I've never had panic attacks either.....what HAS been present since the earlier heart attacks and then sharply rising since night of acute MI, was chronic generalized anxiety.......It's just there all the time. To get an accurate picture of what is going on, blood labs would need to be taken from you at intervals during a 24 hour period and analyzed for cortisol levels, adrenalin and other anxiety provoking hormones pumping nonstop. It took me a year and a half before a doc realized I was living with chronically high levels of this....I had no idea what it was...I walked in covered in hives, asking for help with 'this constant itching, burning skin'. It was the hives. If he hadn't seen that I would probably still be walking around like that. Docs kept telling me I was 'depressed' and urging me to start the latest new SSRIs...which plunged me immediately into a new high in anxiety/agitation from pill 1. Each time I would explain I have a weird SSRI problem and each time the dr would blow me off ....'oh, this one is sleek and has none of those side effects'. Each time I had to live through 3 days of zero sleep, shakes, jitters, face twitching...and the anxiety level stayed reset to a new higher level. Xanax was the only medication that immediately settled this down....the teeniest amount. Half of .25 mg. It used to make me drowsy at first but over time it just quickly seemed to intercept anxiety, ease it back.

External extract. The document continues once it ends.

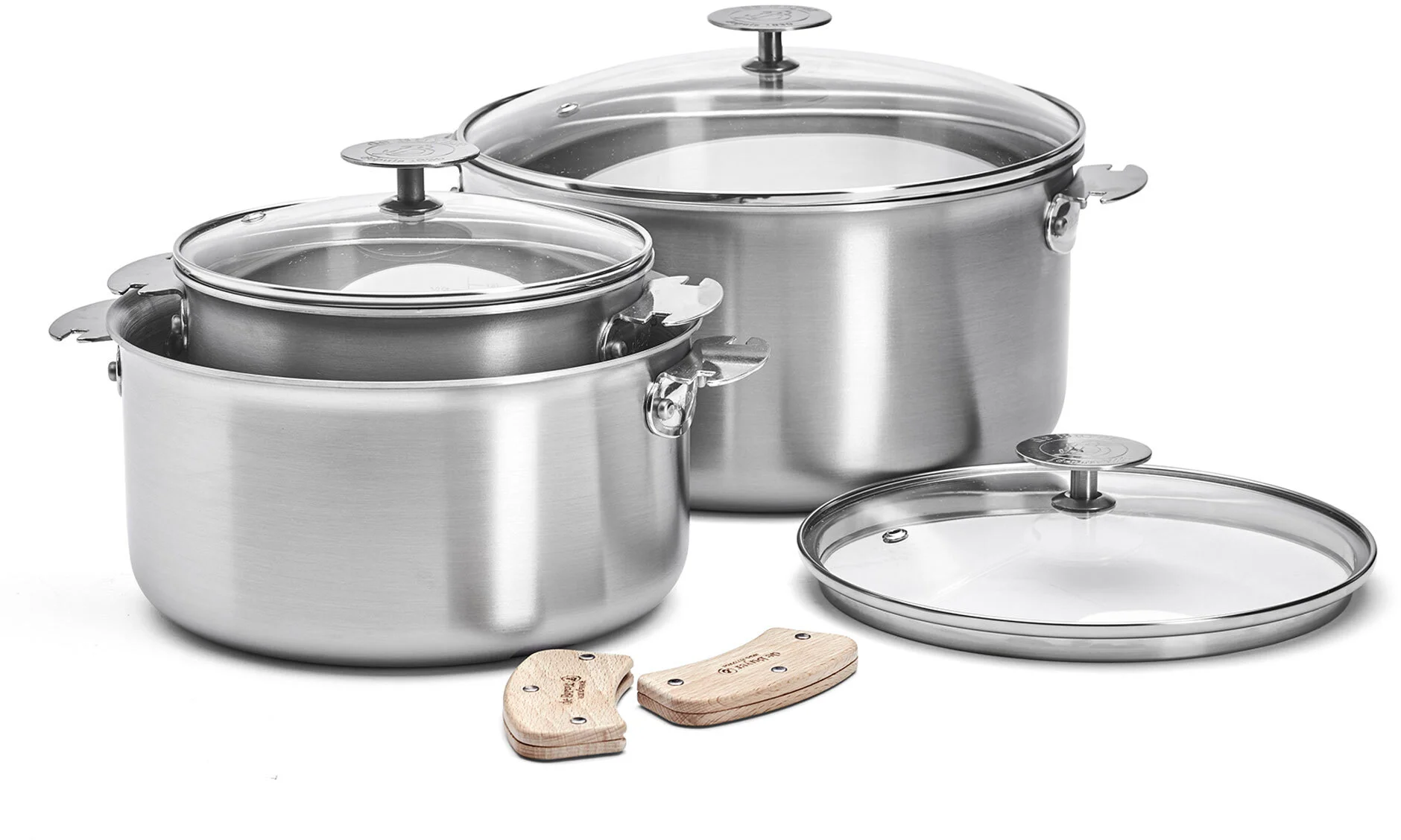 ALCHIMY LOQY Zestaw 3 garnków z pokrywkami i uchwytami / DE BUYER

Klonopin scares the heck out of me too. I have seen people on long term Klonopin with involuntary neck rolls, eye tics, insatiable appetites. Xanax does none of this to me. I'm on .25mg as needed 4 x day...but have never used an entire supply in a month after the first few months. Take as needed....on worst times of cycle...especially leading up to ovulation, anxiety and chest tightness ramp up to unbearable and I take up to .25mg 4 x day....But not regularly. no maintenance dose. Again, like you, no anxiety attacks/panic attacks ever. But something has damaged my rebound response and it needs help or it will never self-regulate. I've always assumed it was from going so many hours heart attacking, oxygen deprivation...adrenals squeezed within an inch of their life to keep me going.

That doc has issues with something but it wasn't you...she was projecting something in your direction.

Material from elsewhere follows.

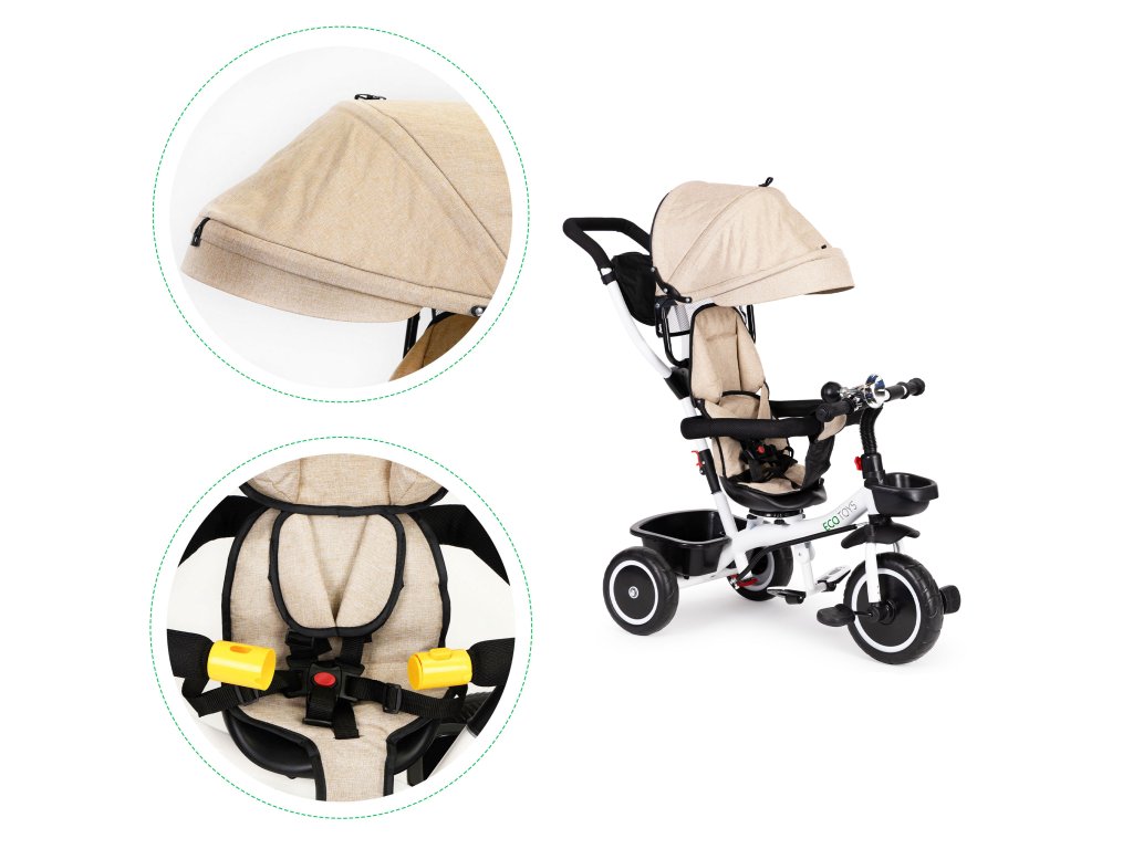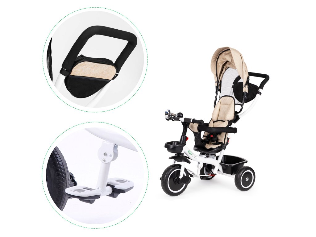 Detský trojkolový kočík ECOTOYS 360° béžový

Funny, my lastest cardio and my first female cardio (which is why I chose her) was a few years older than me, fascinated with my HA history...and then also threw a tant because I couldn't take Paxil, Plavix or aspirin.....Called me 'non-complaint' in our first visit. Went straight from interrupting me while I was describing how Paxil sent me straight into shrieking agitation, and Plavix causes me to lose consciousness within a few hours of pill 1, aspirin has been banned because of instant GI pain/bleeding. She never heard all that because she went into a tizzy, raised her voice and stomped a foot. I'd never seen anything like it. A cardio response like this because my system cannot tolerate one size fits all meds? I sat there on the exam table and let her run out of steam...watched her calmly until she realized what she'd done and got very quiet, white-faced. My response, "Very interesting." Nothing more. She went even paler. I gave her time to collect herself. I'm still with her because cardios here are interchangable. None of them listen. I no longer care....I just use them to access the testing, which they have nothing to do with beyond interpreting.

google 'klonopin vs xanax' to find patient discussions on-line.

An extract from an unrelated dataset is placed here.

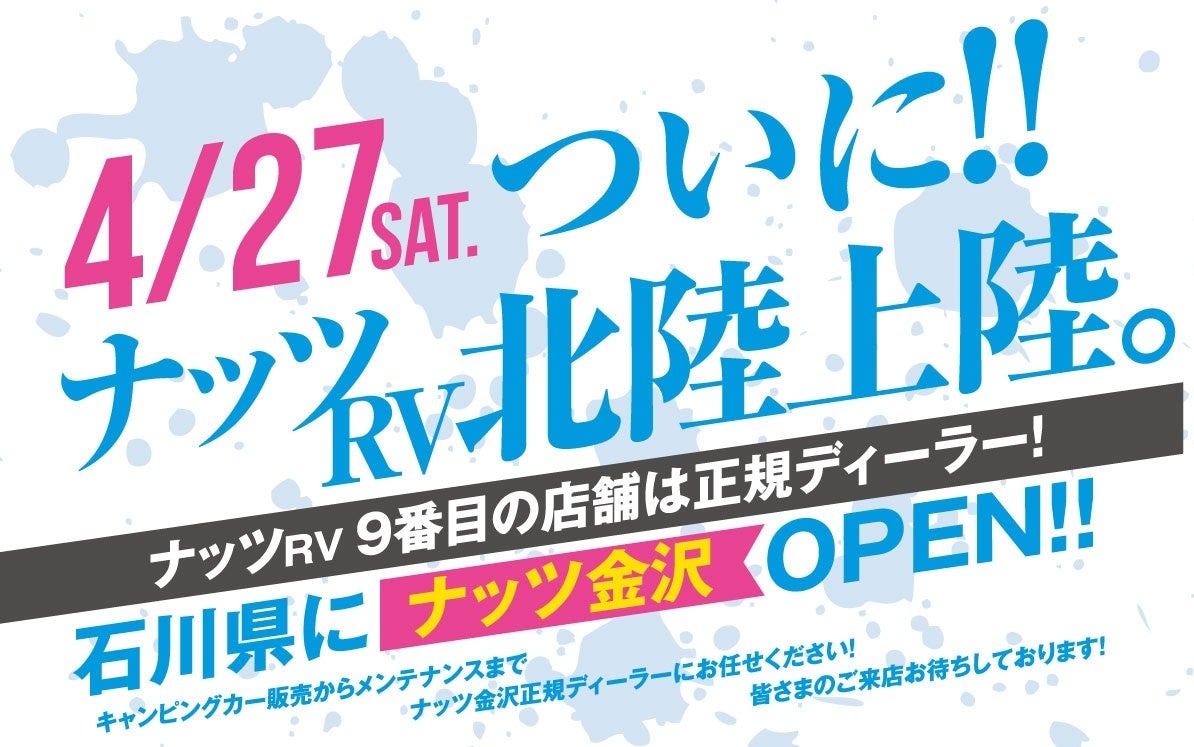 日本最大級のキャンピングカーメーカー ナッツRV初となる北陸店舗「ナッツ金沢」を4月27日(土)オープンいたします。

Your infection/inflammation sounds miserable sweetie.....Hope the antibiotics get busy shutting that down swiftly. whew!

Mermie

I was put on Adivan(sp) when i was diagnosed but soon began to realize that even though i didn't take as many as prescribed I still developed a small addiction that would send me into a panic attack when my morning dose started to wear off. I had to wean myself off slowly but my doctor is very good at giving me something if she thinks I need it. I would sent her an email telling her how her behavior didn't help the situation and that all patients should not be seen as drugseeking just because they are desperate for some calm in their lives. I still long for that peace even though to took my own meds away. I agree, find a new doctor.

me again Sher,

It just occurred to me.......this cardio may have created a new chart describing you as a 'possible drug seeker'. Get copies soon. This is precisely what bothers me about being a single female patient in the US healthcare system. This doctor can say whatever and write whatever about you....because there are no witnesses. Once this subjective interpretation is entered into computerized databases, it will be almost impossible to remove.

Mermie

Sherrie:
Doctors became paranoid after Anna Nicole Smith died because of all the addictive drugs she was able to obtain. There was an escalation in police investigations of pill mills. I was made to feel like a drug addict when I sought pain relief after triple bypass surgery. No one believed my pain was real until that CT scan that I demanded revealed an incomplete fusion of the top 1/2" of my sternum causing a friction callous. My surgeon, even after proof I was in pain, told me he could not prescribe longterm pain medication, even though he anticipated I would be in moderate to severe pain for 6 more months to a year. Why? He could not take the responsbility on.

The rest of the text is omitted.